■ Work to complete: Please reproduce every record, keeping each one exactly as written.

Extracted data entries
=-=-=

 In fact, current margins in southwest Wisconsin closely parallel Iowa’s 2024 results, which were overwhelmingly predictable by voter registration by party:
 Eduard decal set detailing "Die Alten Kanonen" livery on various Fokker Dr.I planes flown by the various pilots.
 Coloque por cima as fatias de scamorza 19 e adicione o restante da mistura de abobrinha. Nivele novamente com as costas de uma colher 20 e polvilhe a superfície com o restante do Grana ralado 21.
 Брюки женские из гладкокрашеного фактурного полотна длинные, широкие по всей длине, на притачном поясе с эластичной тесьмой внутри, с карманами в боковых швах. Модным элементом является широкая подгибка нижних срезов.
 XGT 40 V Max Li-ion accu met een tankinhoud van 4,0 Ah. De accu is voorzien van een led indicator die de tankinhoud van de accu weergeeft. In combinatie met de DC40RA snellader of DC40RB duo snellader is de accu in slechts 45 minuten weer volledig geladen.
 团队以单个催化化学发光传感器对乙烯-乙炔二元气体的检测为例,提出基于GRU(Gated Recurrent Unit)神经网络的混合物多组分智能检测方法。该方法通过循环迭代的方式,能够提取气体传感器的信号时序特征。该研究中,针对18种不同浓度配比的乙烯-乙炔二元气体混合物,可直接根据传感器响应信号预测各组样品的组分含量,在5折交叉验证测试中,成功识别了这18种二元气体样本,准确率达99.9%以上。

=-=-=

■ Answer box:
 In fact, current margins in southwest Wisconsin closely parallel Iowa’s 2024 results, which were overwhelmingly predictable by voter registration by party:
 Eduard decal set detailing "Die Alten Kanonen" livery on various Fokker Dr.I planes flown by the various pilots.
 Coloque por cima as fatias de scamorza 19 e adicione o restante da mistura de abobrinha. Nivele novamente com as costas de uma colher 20 e polvilhe a superfície com o restante do Grana ralado 21.
 Брюки женские из гладкокрашеного фактурного полотна длинные, широкие по всей длине, на притачном поясе с эластичной тесьмой внутри, с карманами в боковых швах. Модным элементом является широкая подгибка нижних срезов.
 XGT 40 V Max Li-ion accu met een tankinhoud van 4,0 Ah. De accu is voorzien van een led indicator die de tankinhoud van de accu weergeeft. In combinatie met de DC40RA snellader of DC40RB duo snellader is de accu in slechts 45 minuten weer volledig geladen.
 团队以单个催化化学发光传感器对乙烯-乙炔二元气体的检测为例,提出基于GRU(Gated Recurrent Unit)神经网络的混合物多组分智能检测方法。该方法通过循环迭代的方式,能够提取气体传感器的信号时序特征。该研究中,针对18种不同浓度配比的乙烯-乙炔二元气体混合物,可直接根据传感器响应信号预测各组样品的组分含量,在5折交叉验证测试中,成功识别了这18种二元气体样本,准确率达99.9%以上。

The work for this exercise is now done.